Monday, August 22, 2011


Speaking of spontaneous travel stories… here is one that my former language classmate from out here posted on his blog the other day.

Have you had one of those moments recently when something so outrageous happens all you can do is laugh? I did. And now I'll tell you about it.

It was a short trip east and a bit south of here. By short trip, I mean 30 hours by train. Meeting up with a friend, we headed to the bus station. We had a few small cities we planned to visit and bus seemed the best option. It's cheap and reliable, though I've yet to see a bus here with anything close to resembling what I like to call 'leg room'.

For whatever reason, we were told that foreigners could not take the bus we wanted to take. Not completely understanding we quickly resorted to Plan B. The infamous yet wonderful Santana, or long distance taxi. Santanas derive their name from the Volkswagen Santana, the model of choice for the majority of these taxis. After a quick phone call which involved haggling over a price we waited for our driver who never showed. We finally resorted to flagging down a random Santana which immediately agreed to the price we were told was fair. Great! We jumped in. AND. This driver didn't cram a fourth person in the back. I'm a large man. 4 people in the back of a mid-sized sedan just doesn't work for me.

My rejoicing was short-lived. About an hour into the trip, the driver suddenly pulled over and in hopped a ragged looking migrant worker. Now I was sqished up against the front seat, my friend laughing at me one side and a farmer rattling off about Obama in a local dialect I could barely understand on the other. Off we went again. This time we only got another twenty minutes down the road. After answering a few phone calls (in a dialect, of course, I could not understand) the driver suddenly pulled over. No explanation other than, "Wait a little." Soon, another car full of men in white skull caps pulled up. The hood of our car was opened and all ten or so men hunched over inspecting the underworkings of our vehicle. "Is the car broken?", I asked my new Obama-loving friend. No clear answer was given. Silly me. Thinking the car was broken. Pfff.

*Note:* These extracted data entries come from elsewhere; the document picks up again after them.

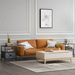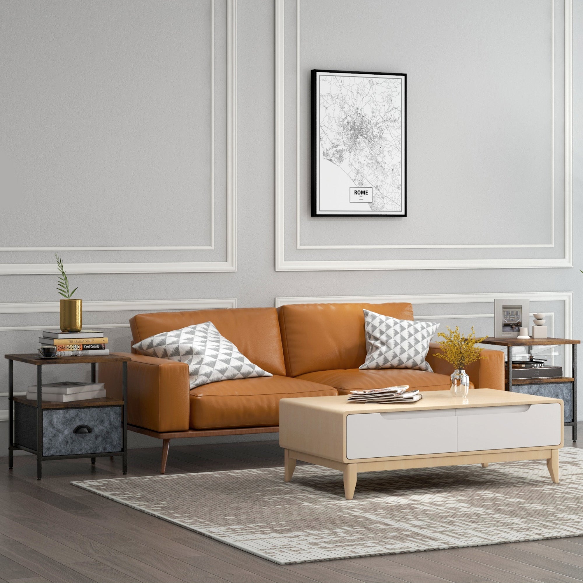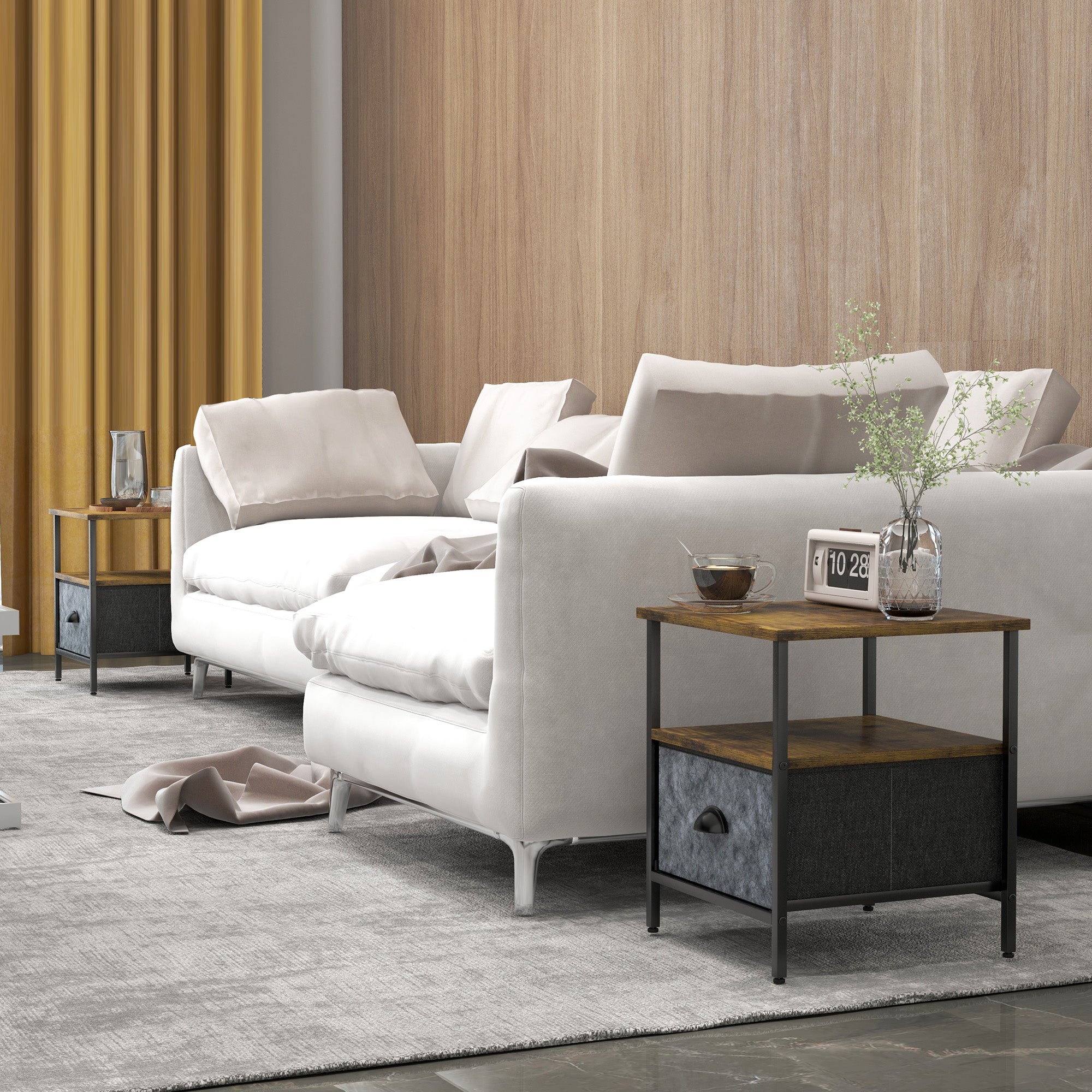 Industrial-style just stepped up: this set of 2 side table. A two-tone dark wood-effect design, paired with the matte black frame and grey drawer creates a striking and stand-out look, for a point of difference in the home. Comes with a bottom fabric drawers, an open shelf and a table top - plenty of handy storage space. The frame, made from metal, is robust, with adjustable feet to finish, so it always keeps balanced. Why not use as a bedside table?
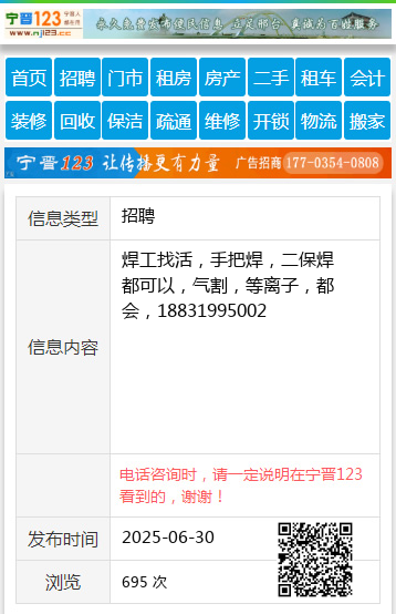 男35岁,C1驾照,会手把焊,有广告门头安装经验。吃苦耐劳,接受夜班,求邢台本地稳定工作。19213195980v同步
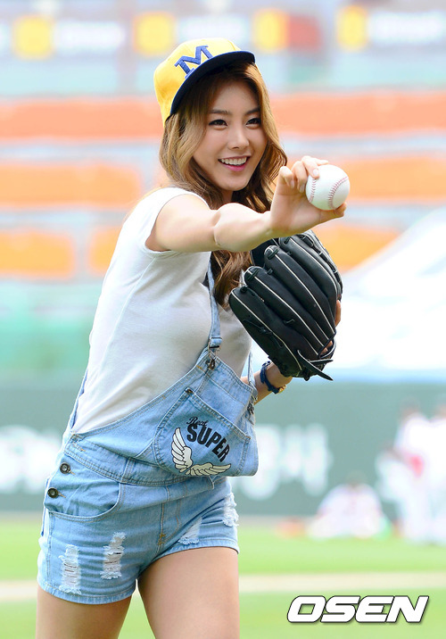 16일 오후 인천야구장에서 열린 '2012 팔도 프로야구' SK 와이번스와 LG 트윈스와의 경기에 앞서 그룹 '위'의 로지가 한 방송 프로그램 촬영을 위해 투구 연습을 하고 있다.
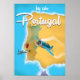 Poster de viagens vintage de Portugal. Poster de viagens de desenho animado de Portugal. Poster de viagens aéreo de Portugal.
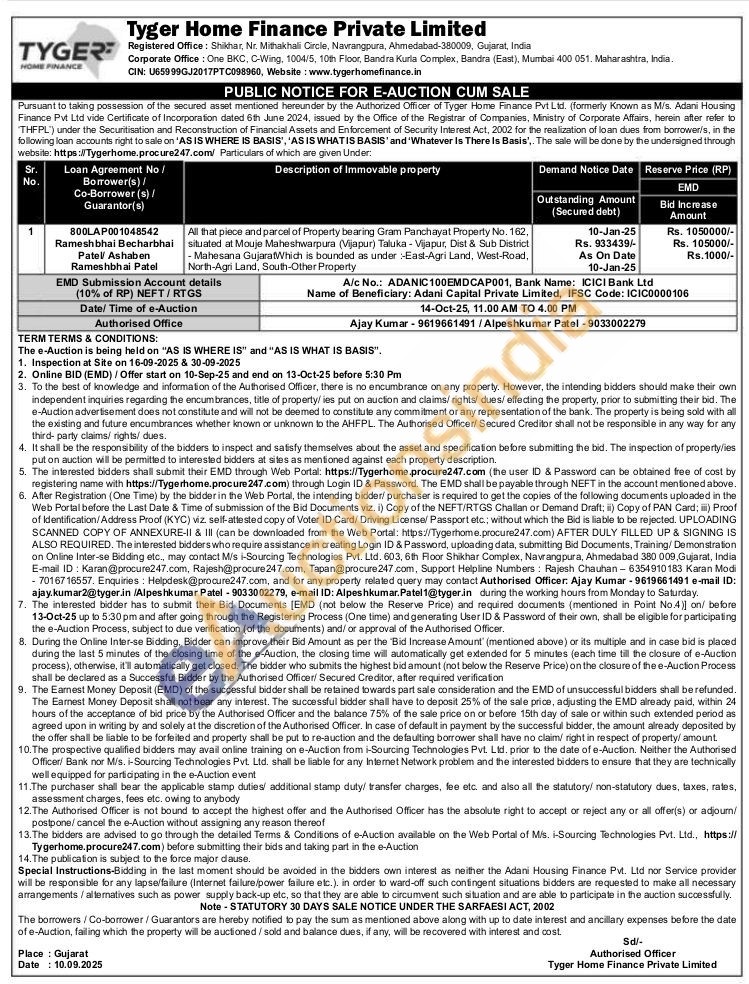 All that piece and parcel of Property bearing Gram Panchayat Property No. 162, situated at Mouje Maheshwarpura (Vijapur) Taluka - Vijapur, Dist & Sub District Mahesana GujaratWhich is bounded as under-East-Agri Land, West-Road, North-Agri Land, South-Other Property
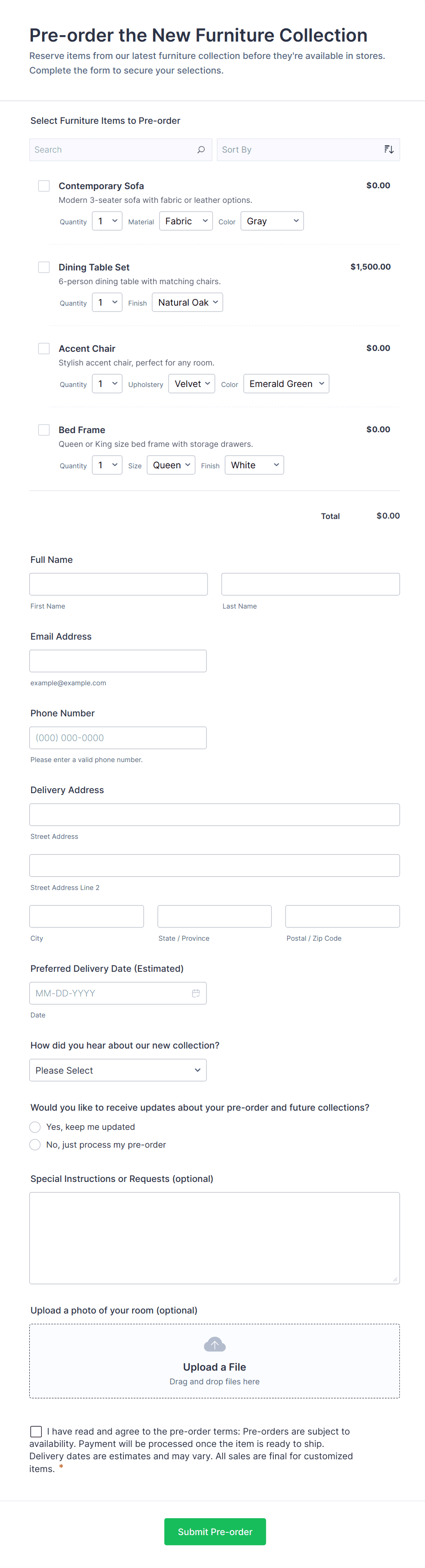 Embed a free Pre-Order Form Template in your store’s website to instantly process product pre-orders online. Free to use, easy to customize!
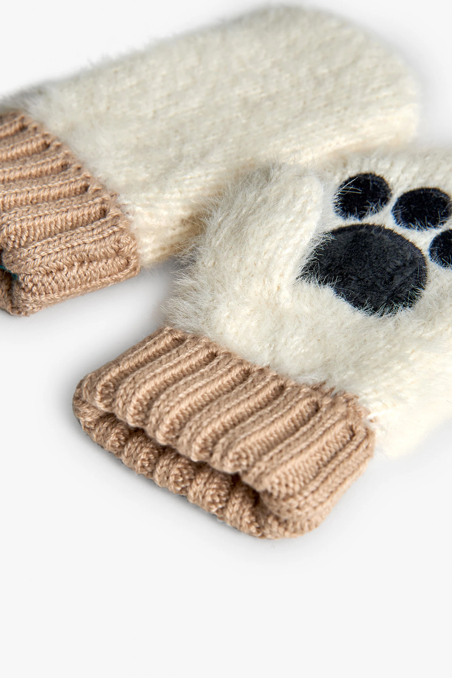 Baby gloves in white and beige, designed to keep your little one's hands warm and comfortable during the colder seasons. Made from a soft and delicate material, they are ideal for the sensitive skin of babies. The design featuring animal details adds a charming and fun touch. Available in sizes for babies aged 1 month to 24 months, these mittens easily match any winter outfit, making them a practical and cosy choice to complete your baby's wardrobe.

Meanwhile cars and bikes are slowing down for a better look at the two whities. One got the feeling they didn't get a lot of foreigners in those parts. Finally, while chatting about what might become of us, the driver turned toward us. Admittedly what came out of his mouth was actually nothing I could have ever expected. "I just sold my car. Now you will take the public bus." So many thoughts passed through my mind. "You ARE selling it? You WILL sell it?" My language skills aren’tt great, but I was sure he just said 'sold'... as in the past tense of 'sell'.

Next my thought was to reason with him. Surely he understood that we had an unspoken agreement; he was under a certain obligation to drive me to my destination, right? SURELY you can't sell your car out from under your passengers?! Silly me. In the next minute our driver flagged down a public bus heading to our destination, he paid our fare, and we were bustled on. Since we were late comers, the only seats available were little plastic stools in the aisle. Strangely, our fellow Santana passengers seemed unphased as they climbed on the bus, like it was normal for their taxi to be sold mid-way through a trip.